- [Your goal] All lines from the opening of the entries below through the line containing "Tensiómetro aneroide profesional" must be output exactly as they appear, with no other lines.

[Recorded information — start]

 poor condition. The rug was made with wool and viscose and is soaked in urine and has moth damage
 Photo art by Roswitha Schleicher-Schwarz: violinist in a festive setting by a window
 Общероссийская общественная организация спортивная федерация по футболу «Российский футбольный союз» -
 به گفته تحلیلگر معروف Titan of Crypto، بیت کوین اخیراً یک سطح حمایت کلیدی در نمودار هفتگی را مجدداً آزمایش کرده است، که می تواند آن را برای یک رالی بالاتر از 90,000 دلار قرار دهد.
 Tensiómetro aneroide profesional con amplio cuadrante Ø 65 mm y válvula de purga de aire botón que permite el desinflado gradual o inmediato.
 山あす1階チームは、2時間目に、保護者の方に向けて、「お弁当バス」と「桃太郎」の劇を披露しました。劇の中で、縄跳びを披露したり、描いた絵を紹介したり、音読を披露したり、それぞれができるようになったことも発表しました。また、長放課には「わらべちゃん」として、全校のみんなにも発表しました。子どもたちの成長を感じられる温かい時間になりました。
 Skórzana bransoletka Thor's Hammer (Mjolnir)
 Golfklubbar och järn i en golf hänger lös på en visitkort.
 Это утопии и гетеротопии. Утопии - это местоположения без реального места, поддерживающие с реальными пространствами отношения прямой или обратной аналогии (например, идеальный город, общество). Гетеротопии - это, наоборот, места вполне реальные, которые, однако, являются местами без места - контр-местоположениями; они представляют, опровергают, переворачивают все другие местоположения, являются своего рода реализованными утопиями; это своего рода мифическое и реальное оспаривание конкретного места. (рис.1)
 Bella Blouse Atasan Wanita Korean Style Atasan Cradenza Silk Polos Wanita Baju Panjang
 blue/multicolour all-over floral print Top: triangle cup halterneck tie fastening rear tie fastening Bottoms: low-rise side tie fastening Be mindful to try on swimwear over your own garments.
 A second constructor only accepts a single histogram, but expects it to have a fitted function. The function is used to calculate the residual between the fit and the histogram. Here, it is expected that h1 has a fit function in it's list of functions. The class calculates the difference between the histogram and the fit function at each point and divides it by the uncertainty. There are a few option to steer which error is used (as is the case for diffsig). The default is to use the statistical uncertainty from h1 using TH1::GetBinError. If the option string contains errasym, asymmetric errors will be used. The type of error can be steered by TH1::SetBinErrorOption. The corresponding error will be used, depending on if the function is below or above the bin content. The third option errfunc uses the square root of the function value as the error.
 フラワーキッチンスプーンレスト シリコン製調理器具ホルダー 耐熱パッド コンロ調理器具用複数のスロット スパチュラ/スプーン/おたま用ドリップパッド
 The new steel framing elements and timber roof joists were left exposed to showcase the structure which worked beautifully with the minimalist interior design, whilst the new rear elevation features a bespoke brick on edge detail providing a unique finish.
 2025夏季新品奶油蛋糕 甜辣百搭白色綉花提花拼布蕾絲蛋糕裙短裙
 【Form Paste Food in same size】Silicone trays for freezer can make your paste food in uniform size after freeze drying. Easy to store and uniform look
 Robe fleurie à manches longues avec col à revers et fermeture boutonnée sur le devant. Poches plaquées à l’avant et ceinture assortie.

[Recorded information — finish]

- [Output]
 poor condition. The rug was made with wool and viscose and is soaked in urine and has moth damage
 Photo art by Roswitha Schleicher-Schwarz: violinist in a festive setting by a window
 Общероссийская общественная организация спортивная федерация по футболу «Российский футбольный союз» -
 به گفته تحلیلگر معروف Titan of Crypto، بیت کوین اخیراً یک سطح حمایت کلیدی در نمودار هفتگی را مجدداً آزمایش کرده است، که می تواند آن را برای یک رالی بالاتر از 90,000 دلار قرار دهد.
 Tensiómetro aneroide profesional con amplio cuadrante Ø 65 mm y válvula de purga de aire botón que permite el desinflado gradual o inmediato.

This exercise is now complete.